Article 22. Application of the Agreement
This Agreement shall also apply to all investments of investors of either Contracting Party made in the Territory of the other Contracting Party in accordance with the laws and regulations of that other Contracting Party prior to the entry into force of this Agreement. However, this Agreement shall not apply to the disputes which occurred before its entry into force.
Article 23. Final Provisions
1. Each Contracting Party shall send through diplomatic channels to the other Contracting Party the notification confirming that its internal procedures necessary for the entry into force of this Agreement have been completed. This Agreement shall enter into force on the thirtieth day after the date of receipt of the latter notification.
2. This Agreement shall remain in force for a period of ten years and shall continue in force unless terminated as provided in paragraph 3.
3. A Contracting Party may, by giving one year's advance notice in writing to the other Contracting Party, terminate this Agreement at the end of the initial ten year period or at any time thereafter.
4. Upon the request of either Contracting Party, the Contracting Parties shall undertake a review of this Agreement, with a view to further promoting investment between the Contracting Parties.
5. In respect to investments made prior to the date of termination of this Agreement, the provisions of this Agreement shall continue to be effective for a period of ten years from the date of termination of this Agreement.
6. The Annex to this Agreement shall form an integral part of this Agreement.
Conclusion
IN WITNESS WHEREOF, the undersigned, being duly authorised by their respective Governments, have signed this Agreement.
DONE in duplicate at Rabat, on this eighth day of January, 2020 in the Japanese, Arabic and English languages, all texts being equally authentic.

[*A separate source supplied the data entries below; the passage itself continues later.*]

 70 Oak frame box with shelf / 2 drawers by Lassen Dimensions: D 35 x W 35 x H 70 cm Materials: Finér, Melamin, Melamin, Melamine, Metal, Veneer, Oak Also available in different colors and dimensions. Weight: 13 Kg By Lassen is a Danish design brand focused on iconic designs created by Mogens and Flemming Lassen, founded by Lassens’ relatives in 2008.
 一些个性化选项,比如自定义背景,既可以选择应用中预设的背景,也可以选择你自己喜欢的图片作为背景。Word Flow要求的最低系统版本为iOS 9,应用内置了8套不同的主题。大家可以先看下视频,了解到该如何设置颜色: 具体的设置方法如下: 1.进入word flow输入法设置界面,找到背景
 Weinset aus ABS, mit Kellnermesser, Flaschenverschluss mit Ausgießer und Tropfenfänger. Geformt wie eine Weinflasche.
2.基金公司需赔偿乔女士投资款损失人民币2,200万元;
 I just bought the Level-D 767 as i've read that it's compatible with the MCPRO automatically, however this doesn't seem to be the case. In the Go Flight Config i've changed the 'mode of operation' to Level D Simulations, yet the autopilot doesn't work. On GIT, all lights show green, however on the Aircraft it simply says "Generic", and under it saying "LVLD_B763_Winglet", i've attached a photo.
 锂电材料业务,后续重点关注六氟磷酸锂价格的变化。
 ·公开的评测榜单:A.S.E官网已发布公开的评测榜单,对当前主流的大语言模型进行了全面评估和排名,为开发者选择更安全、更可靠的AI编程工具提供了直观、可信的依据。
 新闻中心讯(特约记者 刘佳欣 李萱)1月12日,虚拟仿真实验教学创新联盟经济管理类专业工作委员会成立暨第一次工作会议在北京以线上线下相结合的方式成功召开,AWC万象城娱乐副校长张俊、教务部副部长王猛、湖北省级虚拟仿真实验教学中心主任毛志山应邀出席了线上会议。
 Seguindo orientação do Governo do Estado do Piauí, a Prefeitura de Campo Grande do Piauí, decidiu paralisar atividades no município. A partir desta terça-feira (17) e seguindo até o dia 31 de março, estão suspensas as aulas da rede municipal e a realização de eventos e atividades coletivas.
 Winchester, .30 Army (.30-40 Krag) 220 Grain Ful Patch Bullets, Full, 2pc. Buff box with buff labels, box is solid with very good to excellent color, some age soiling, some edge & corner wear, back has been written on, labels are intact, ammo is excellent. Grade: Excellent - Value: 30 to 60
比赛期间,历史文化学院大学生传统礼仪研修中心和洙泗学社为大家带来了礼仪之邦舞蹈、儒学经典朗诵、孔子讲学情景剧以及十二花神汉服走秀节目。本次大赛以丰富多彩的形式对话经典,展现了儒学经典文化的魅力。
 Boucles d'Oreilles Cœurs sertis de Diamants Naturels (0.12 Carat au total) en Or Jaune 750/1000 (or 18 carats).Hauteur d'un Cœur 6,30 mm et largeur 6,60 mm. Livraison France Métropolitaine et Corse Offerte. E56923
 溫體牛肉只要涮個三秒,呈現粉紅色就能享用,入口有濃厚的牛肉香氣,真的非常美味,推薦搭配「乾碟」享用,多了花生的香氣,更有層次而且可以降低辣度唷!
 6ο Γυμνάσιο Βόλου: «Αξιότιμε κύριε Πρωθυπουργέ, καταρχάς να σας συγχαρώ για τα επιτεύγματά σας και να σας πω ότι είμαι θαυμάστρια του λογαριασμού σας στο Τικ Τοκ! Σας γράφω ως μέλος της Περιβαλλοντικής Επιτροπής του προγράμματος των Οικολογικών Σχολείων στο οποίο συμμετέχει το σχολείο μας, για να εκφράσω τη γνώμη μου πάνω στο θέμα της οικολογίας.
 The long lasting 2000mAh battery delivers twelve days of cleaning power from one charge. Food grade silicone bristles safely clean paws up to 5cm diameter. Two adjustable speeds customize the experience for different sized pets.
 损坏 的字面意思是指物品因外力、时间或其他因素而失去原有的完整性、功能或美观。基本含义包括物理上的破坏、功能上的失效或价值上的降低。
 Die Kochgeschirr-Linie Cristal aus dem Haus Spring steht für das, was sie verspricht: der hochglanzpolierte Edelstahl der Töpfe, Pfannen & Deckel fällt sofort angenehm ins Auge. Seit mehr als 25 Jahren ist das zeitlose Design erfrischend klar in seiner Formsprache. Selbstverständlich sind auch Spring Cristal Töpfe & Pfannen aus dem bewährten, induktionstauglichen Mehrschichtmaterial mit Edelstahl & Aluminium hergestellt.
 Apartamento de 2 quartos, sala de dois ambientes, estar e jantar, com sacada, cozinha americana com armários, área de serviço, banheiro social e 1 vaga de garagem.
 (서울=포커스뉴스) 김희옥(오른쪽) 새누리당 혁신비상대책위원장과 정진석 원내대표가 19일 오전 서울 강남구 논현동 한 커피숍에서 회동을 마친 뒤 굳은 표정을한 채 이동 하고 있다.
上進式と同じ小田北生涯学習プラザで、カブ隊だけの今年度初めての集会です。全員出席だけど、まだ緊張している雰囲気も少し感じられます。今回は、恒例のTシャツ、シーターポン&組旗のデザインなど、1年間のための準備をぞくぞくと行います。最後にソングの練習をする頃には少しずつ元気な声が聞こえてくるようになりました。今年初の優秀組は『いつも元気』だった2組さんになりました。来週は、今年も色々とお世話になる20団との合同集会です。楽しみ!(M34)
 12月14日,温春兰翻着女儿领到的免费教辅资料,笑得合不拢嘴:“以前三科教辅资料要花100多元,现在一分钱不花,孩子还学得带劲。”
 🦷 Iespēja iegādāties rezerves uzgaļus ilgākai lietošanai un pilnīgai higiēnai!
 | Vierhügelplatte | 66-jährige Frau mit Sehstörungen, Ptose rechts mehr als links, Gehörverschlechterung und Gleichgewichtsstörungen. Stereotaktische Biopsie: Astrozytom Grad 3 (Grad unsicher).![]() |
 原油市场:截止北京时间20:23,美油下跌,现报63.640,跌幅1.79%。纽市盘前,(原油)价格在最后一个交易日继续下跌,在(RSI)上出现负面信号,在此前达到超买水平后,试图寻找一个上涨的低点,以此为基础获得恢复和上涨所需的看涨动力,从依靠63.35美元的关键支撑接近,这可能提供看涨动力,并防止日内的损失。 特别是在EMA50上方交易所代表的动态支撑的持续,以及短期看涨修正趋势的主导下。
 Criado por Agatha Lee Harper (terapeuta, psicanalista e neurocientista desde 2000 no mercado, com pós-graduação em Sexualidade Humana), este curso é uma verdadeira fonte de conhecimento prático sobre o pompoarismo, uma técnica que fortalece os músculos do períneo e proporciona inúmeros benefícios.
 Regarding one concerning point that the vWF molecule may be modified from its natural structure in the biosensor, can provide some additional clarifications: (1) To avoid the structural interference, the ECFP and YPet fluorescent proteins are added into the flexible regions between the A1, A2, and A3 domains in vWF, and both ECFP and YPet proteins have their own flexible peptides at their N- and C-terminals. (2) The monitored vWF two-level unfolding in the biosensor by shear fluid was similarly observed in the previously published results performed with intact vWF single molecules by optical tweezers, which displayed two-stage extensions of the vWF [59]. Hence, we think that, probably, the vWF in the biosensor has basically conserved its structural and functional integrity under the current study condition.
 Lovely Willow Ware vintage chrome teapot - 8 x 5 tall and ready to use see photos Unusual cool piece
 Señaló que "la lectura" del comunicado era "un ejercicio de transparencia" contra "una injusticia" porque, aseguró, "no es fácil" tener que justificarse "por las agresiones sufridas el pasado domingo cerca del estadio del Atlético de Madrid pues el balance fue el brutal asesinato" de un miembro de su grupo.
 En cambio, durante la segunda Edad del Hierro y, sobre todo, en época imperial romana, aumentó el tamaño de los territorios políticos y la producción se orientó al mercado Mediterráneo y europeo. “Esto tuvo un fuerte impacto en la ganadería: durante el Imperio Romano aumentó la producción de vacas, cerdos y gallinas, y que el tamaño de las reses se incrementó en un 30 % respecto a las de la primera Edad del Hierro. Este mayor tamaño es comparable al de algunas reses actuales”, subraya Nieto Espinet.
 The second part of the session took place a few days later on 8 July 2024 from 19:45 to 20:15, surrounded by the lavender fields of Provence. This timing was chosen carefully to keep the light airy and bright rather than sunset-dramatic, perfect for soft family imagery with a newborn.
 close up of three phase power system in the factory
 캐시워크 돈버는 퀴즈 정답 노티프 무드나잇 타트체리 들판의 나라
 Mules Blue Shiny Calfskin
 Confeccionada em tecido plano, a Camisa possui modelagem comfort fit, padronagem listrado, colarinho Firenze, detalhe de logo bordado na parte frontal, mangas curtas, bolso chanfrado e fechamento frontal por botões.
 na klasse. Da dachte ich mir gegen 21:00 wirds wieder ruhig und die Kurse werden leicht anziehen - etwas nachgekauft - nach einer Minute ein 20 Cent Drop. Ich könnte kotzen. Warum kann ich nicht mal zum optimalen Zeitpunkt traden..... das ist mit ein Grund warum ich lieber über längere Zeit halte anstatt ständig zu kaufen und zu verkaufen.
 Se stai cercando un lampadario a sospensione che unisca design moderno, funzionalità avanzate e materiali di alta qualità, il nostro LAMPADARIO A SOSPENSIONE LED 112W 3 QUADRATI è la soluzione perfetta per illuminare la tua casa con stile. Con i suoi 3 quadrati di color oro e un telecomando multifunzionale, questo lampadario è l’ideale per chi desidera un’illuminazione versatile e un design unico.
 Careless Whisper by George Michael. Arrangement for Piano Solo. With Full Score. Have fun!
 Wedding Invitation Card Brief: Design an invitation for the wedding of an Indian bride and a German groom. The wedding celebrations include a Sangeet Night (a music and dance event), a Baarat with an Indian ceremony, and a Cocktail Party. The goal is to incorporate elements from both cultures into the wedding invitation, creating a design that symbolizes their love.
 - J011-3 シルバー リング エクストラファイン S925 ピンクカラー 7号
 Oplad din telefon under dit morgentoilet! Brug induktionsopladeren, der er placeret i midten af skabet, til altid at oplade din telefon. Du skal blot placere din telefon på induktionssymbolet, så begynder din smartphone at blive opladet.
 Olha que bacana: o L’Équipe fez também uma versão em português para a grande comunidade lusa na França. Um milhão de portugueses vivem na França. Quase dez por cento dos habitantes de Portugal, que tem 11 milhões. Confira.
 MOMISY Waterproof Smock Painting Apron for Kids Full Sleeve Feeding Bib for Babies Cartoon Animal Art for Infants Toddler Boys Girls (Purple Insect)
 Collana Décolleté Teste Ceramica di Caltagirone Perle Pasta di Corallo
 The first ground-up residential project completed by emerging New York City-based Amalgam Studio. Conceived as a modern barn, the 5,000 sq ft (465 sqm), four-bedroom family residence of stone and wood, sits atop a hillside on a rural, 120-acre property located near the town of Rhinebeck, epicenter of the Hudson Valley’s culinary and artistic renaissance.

In case of divergence of interpretation the English text shall prevail.
FOR THE GOVERNMENT OF JAPAN:
Suzuki Keisuke
FOR THE GOVERNMENT OF THE KINGDOM OF MOROCCO:
Mohcine Jazouli
Attachments
Annex. Referred to in Article 9 Expropriation and Compensation
1. The Contracting Parties confirm their shared understanding that paragraph 1 of Article 9 is intended to reflect customary international law concerning the obligation of States with respect to expropriation.
2. Paragraph 1 of Article 9 addresses the following two situations:
(a) The first situation is direct expropriation where investments are nationalised or otherwise directly expropriated through formal transfer of title or outright seizure; and
(b) The second situation is indirect expropriation where a measure or a series of measures of a Contracting Party has an effect equivalent to direct expropriation without formal transfer of title or outright seizure.
3. The determination of whether a measure or a series of measures of a Contracting Party, in a specific fact situation, constitutes an indirect expropriation requires a case-by-case, fact-based inquiry that considers, among other factors:
(a) The economic impact of the measure or series of measures, although the fact that such measure or series of such measures has an adverse effect on the economic value of investments, standing alone, does not establish that an indirect expropriation has occurred;
(b) The extent to which the measure or series of measures interferes with distinct and reasonable expectations arising out of investments; and
(c) The character of the measure or series of measures, including the duration of such measure, whether such measure is non-discriminatory and whether such measure is disproportionate with regard to the public interest purpose.
4. Except in rare circumstances, such as when a measure or a series of measures of a Contracting Party is extremely severe or disproportionate in light of its purpose, non-discriminatory measures of a Contracting Party that are designed and applied to protect legitimate public welfare objectives, such as public health, safety and the environment, do not constitute indirect expropriation.